Viking Cruise Fado Singer

We had lunch in the República (house of students) and were entertained  by students and ex-students singing Fado, the very emotional heart-felt  form of singing usually accompanied by the Portuguese guitar. Originally in Portugal only men sang Fado but in 1891 female students at Coimbra  began singing and now both sexes perform the mournful melodies.

Porto 2 Bridges

On to Porto, made famous for the fortified Port Wine on which the city’s prosperity was built. The city of Porto, originally name Portoscali, is separated by the Douro River with Porto on one side and Scali (now Vila Nova de Gaia) on the other. Porto is referred to as the City Of Bridges for the six that span the river, two by Gustave Eiffel, of Eiffel Tower fame. The historic Old Town Center is a UNESCO World Heritage Site and  across the river in Vila Nova de Gaia, we had the opportunity to learn  about and taste Port wine at one of the many wine-shipper cellars along  the waterfront.

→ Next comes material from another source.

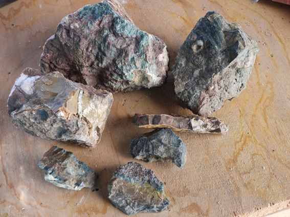 En una de les meves excursions fotogràfiques per la comarca de la Noguera vaig reparar en que entre guixos i argiles triàsiques hi havia a la pista uns nòduls d’ofita. En explorar el lloc d’on possiblement havien sortit aquests nòduls vaig veure que hi havia terra provinent de la disgregació de les ofites que, a la Noguera, la gent del país anomena brunall. A continuació, vaig trobar, entre els còdols i el brunall, uns minerals blavosos que a primera vista vaig prendre per aerinites força alterades però que, posteriorment, em vaig adonar que no es tractava d’aerinita, sinó que em va recordar a aquell mineral verdós que recobreix la part exterior de moltes de les geodes de quars que venen del Brasil. Preguntant, va sortir el nom de celadonita i per a més seguretat vaig fer analitzar una mostra. Els resultats van ser que es podia tractar tant de celadonita com de glauconita. Però com que la glauconita acostuma a presentar-se en roques calcàries mentre la celadonita és pròpia de roques ígnies, sembla que es pot tractar de celadonita.
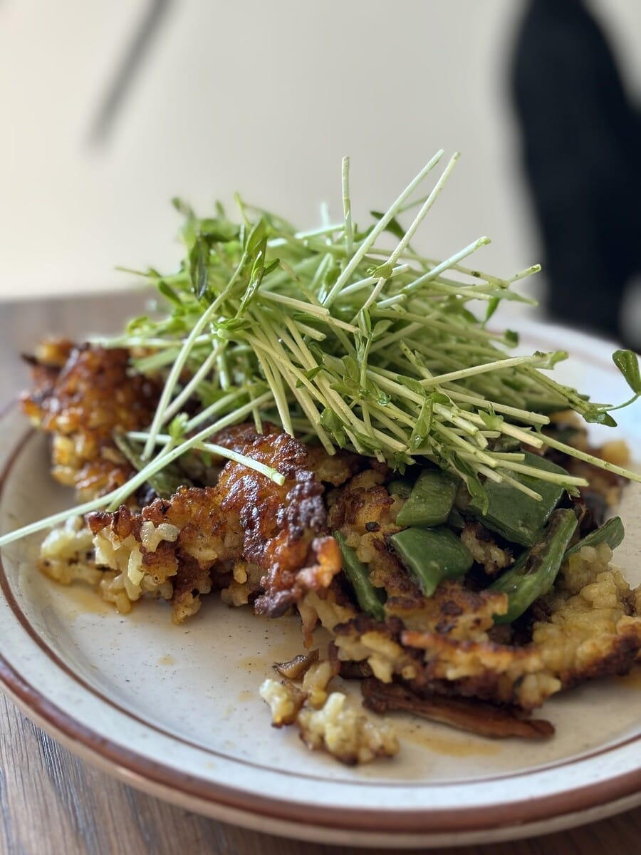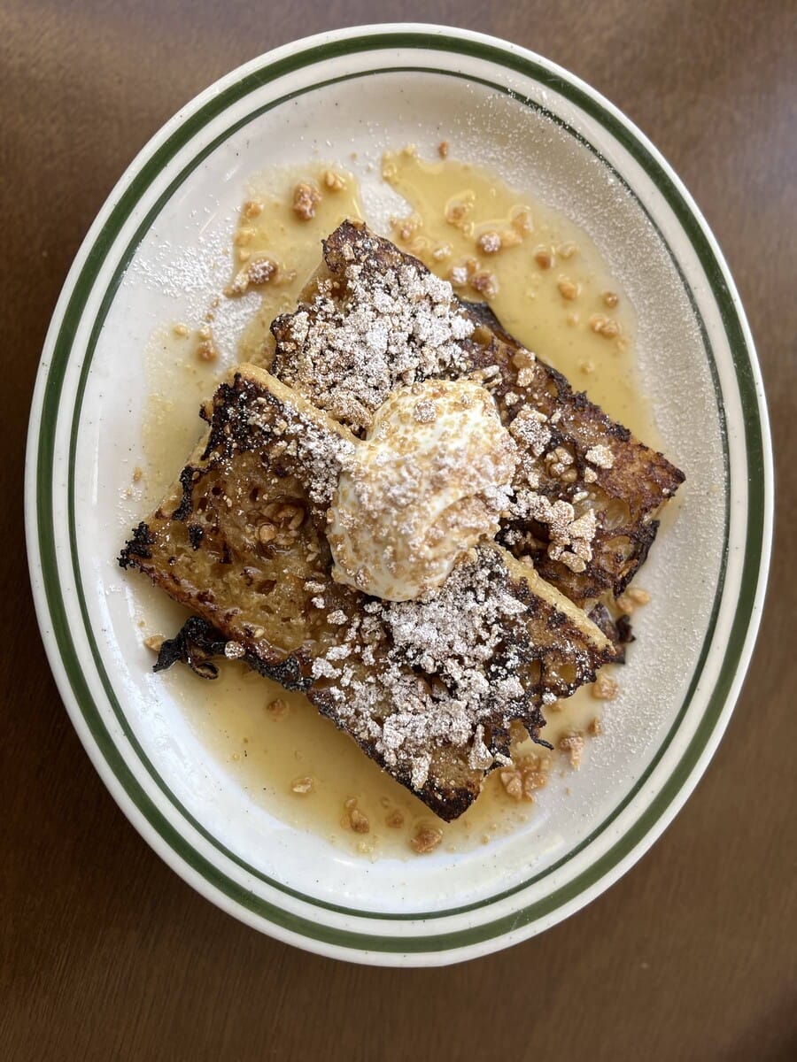 Just minutes from the northwestern entrance to Joshua Tree National Park, this longstanding local favorite serves breakfast until 1:30 p.m. daily, making it the perfect place to refuel after a hike. Choose from buttermilk pancakes, eggs Benedicts and burritos, or consider one of the Roadside Specials, including a ‘SoyRizo’ Hash that can be made vegan by subbing tofu for eggs. The Polenta and Eggs is a lighter option from the Border Crossing section.

Porto São Bento Railway Station

No visitor to Porto should miss the São Bento railway station where one  of the most romantic stories is played out in azulejo tiles. In 1386  King John, a infamous man-about-town was married to Philippa of  Lancaster, eldest daughter of John of Gaunt, to seal a vital alliance  with England. They did not know each other; in fact their marriage was  by proxy as was the custom of the times and supposedly when they first  met they did not like each other. King John was charming and handsome  and Philippa apparently lost her heart to him. So the story goes,  Philippa, a pious young woman, tried to lay down the law and told John  to shape up and stop playing around. When he refused she returned to  England. John realizing the error of his ways ran after her espousing  undying love. She returned to Portugal, they had nine children, one of  which was Henry the Navigator, and enjoyed a long, faithful and loving  marriage. End of story. (Editor’s Note: I could not find reference to  this story in a history book but our Porto guide assured me it was  gospel and besides the tiles were beautiful).

Salamanca Art Deco Museum

Daily we visited charming small towns along the Douro River Valley,  sailed in the afternoon when the light was best for viewing the  hillsides covered by vineyards, and docked in the evening to explore on  our own. Our last port of call was Salamanca in Spain, another UNESCO  World Heritage Site, with its beautiful main square Plaza Mayor, which  is often called the most beautiful in Spain. The Cathedral of Salamanca, both old 12th century, and new 16th century, is a must see. Another not to be missed site is the Museum of  Art Deco & Nouveau behind the Cathedral. If you are a fan of French  decorative art glass by Rene Lalique and Emile Gallé plus stained glass  windows of exceptional quality and art from circa 1920s, this is the  museum to visit. There is also a collection of about 300 porcelain dolls in a gallery on the second floor. Thankfully, we had the good sense to  stop for a treat of the famous Spanish hot chocolate in the café on the  first floor before visiting the gift shop.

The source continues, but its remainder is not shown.